DATA PROVIDED START

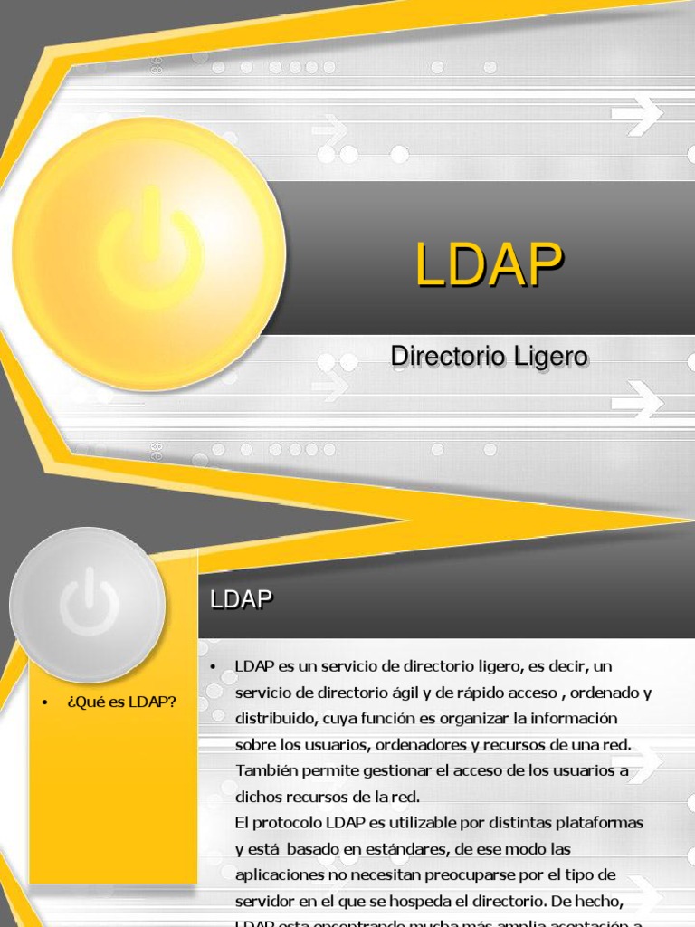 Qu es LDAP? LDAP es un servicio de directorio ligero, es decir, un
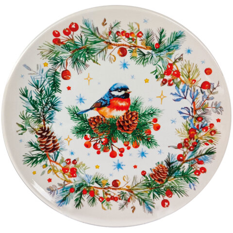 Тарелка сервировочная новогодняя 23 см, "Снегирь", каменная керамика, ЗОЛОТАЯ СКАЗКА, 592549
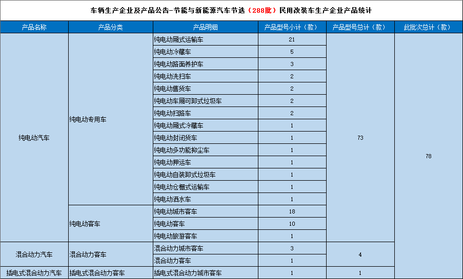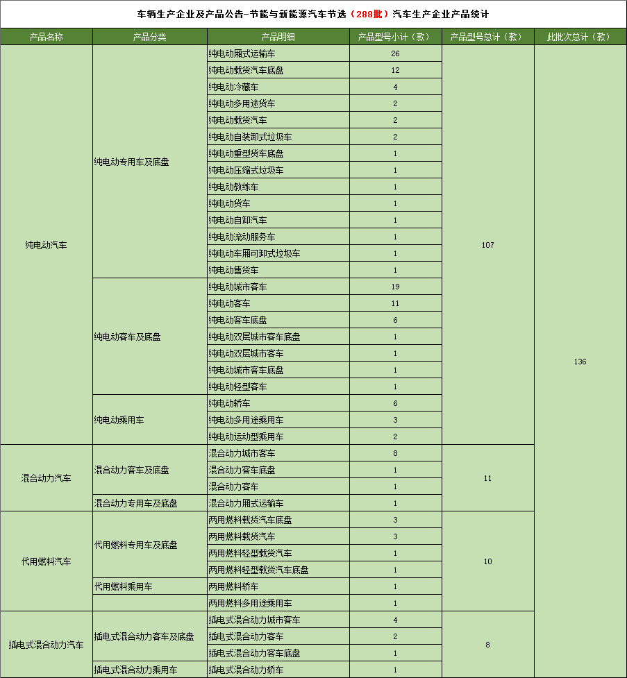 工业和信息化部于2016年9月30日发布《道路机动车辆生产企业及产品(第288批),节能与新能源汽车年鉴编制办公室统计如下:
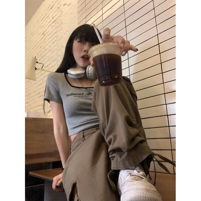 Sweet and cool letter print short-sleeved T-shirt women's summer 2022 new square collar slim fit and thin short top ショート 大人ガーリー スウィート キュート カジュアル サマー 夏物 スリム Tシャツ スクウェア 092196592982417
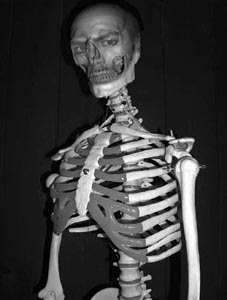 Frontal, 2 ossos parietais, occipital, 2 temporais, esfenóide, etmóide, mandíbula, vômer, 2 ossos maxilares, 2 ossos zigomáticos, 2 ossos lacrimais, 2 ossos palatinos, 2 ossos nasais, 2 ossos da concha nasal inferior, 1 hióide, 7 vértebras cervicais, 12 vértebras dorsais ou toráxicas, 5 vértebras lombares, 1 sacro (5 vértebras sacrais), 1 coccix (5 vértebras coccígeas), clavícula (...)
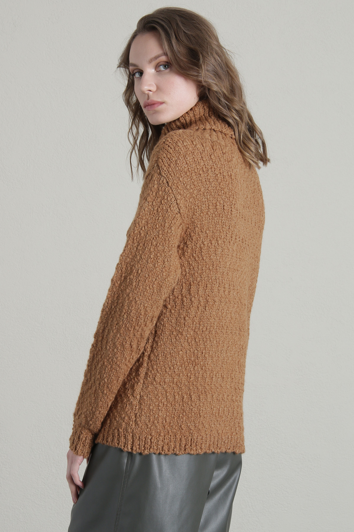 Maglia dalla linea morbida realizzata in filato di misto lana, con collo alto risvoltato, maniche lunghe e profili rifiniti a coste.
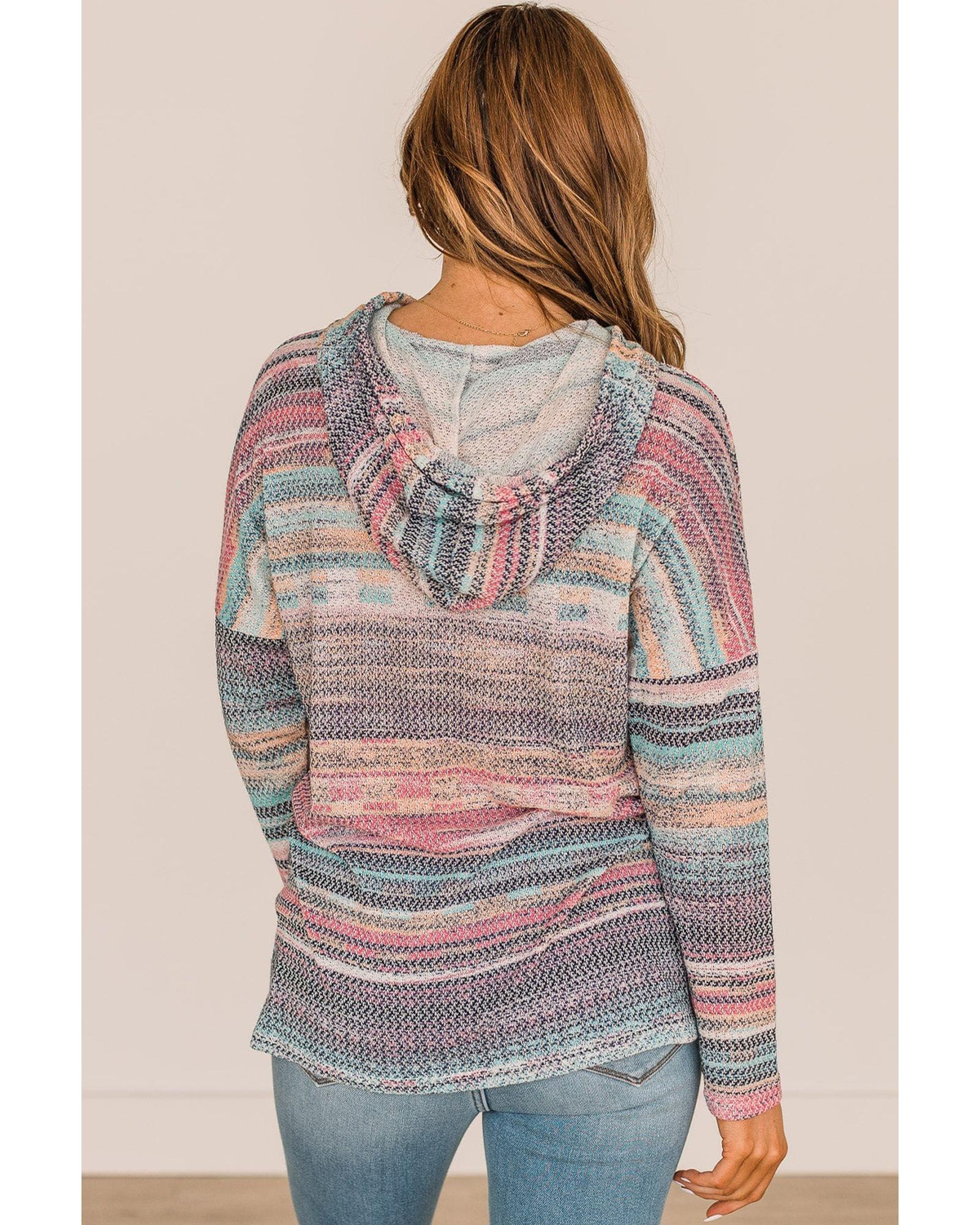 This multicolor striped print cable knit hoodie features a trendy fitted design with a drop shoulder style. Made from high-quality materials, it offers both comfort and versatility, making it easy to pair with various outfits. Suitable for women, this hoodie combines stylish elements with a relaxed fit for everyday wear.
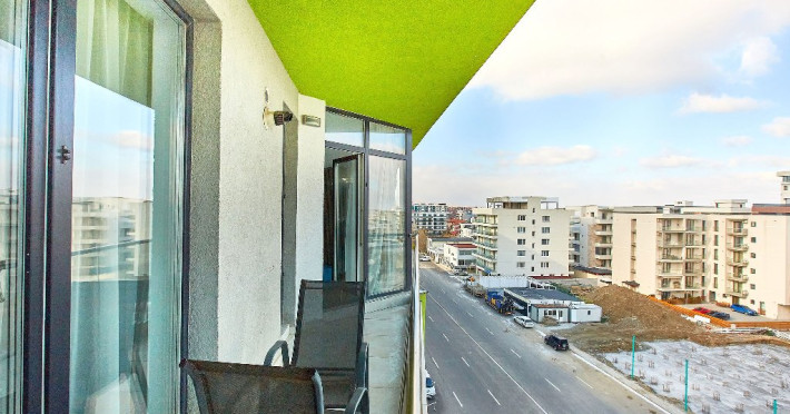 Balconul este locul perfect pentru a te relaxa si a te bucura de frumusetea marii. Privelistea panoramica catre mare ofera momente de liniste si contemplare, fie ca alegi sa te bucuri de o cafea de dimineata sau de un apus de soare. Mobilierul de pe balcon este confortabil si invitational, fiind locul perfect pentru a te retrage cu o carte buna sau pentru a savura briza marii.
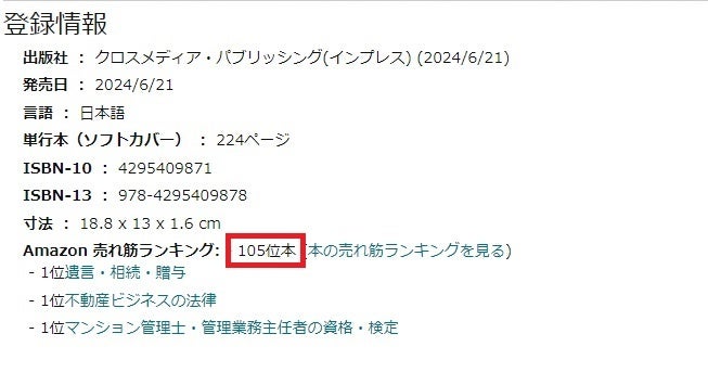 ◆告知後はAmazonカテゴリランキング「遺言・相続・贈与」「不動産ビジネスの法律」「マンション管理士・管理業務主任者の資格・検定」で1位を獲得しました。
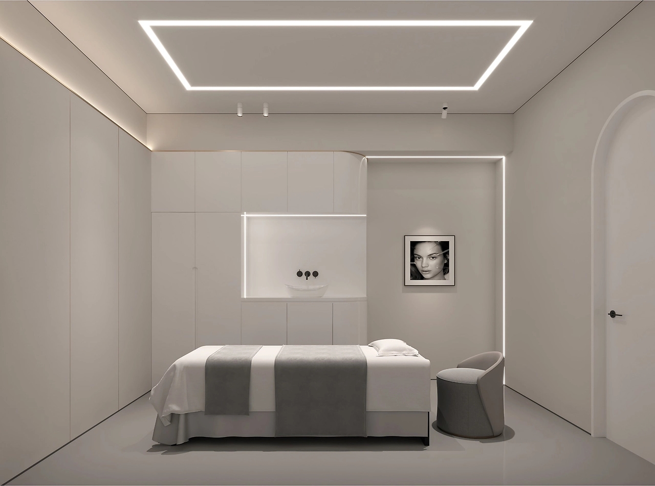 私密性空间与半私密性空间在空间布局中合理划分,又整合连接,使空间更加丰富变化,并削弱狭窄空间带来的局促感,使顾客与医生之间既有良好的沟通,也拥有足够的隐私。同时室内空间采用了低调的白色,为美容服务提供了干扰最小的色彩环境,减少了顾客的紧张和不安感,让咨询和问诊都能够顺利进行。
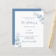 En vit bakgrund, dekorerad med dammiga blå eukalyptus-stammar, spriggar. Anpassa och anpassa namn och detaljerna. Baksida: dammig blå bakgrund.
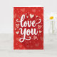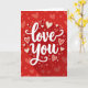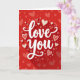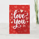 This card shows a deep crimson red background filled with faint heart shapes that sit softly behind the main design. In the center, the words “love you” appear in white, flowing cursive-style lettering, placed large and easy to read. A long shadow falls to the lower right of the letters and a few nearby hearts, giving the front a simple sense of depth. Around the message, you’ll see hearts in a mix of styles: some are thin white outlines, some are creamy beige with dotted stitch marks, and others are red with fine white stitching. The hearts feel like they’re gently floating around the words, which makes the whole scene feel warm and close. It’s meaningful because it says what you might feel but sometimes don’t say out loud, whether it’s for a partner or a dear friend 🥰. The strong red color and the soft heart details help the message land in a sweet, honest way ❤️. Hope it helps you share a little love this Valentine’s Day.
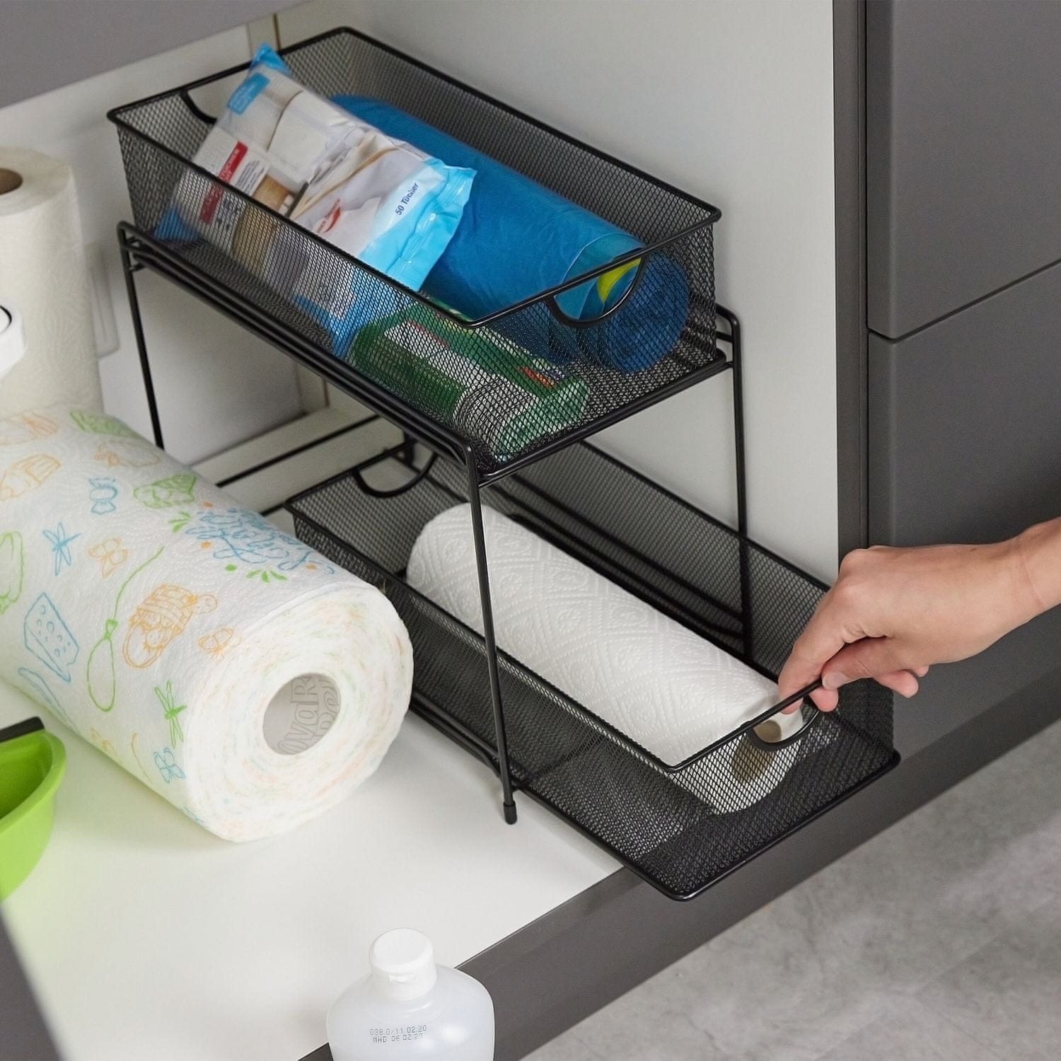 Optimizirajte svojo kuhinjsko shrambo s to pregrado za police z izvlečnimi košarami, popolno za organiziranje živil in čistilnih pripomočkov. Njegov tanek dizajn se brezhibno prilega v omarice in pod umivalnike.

DATA PROVIDED END

PROBLEM TO WORK ON
Starting with the line that has "Balconul este locul" and ending with the line that has "En vit bakgrund, dekorerad", repeat the lines above exactly, omitting every picture.

EXPECTED ANSWER
 Balconul este locul perfect pentru a te relaxa si a te bucura de frumusetea marii. Privelistea panoramica catre mare ofera momente de liniste si contemplare, fie ca alegi sa te bucuri de o cafea de dimineata sau de un apus de soare. Mobilierul de pe balcon este confortabil si invitational, fiind locul perfect pentru a te retrage cu o carte buna sau pentru a savura briza marii.
 ◆告知後はAmazonカテゴリランキング「遺言・相続・贈与」「不動産ビジネスの法律」「マンション管理士・管理業務主任者の資格・検定」で1位を獲得しました。
 私密性空间与半私密性空间在空间布局中合理划分,又整合连接,使空间更加丰富变化,并削弱狭窄空间带来的局促感,使顾客与医生之间既有良好的沟通,也拥有足够的隐私。同时室内空间采用了低调的白色,为美容服务提供了干扰最小的色彩环境,减少了顾客的紧张和不安感,让咨询和问诊都能够顺利进行。
 En vit bakgrund, dekorerad med dammiga blå eukalyptus-stammar, spriggar. Anpassa och anpassa namn och detaljerna. Baksida: dammig blå bakgrund.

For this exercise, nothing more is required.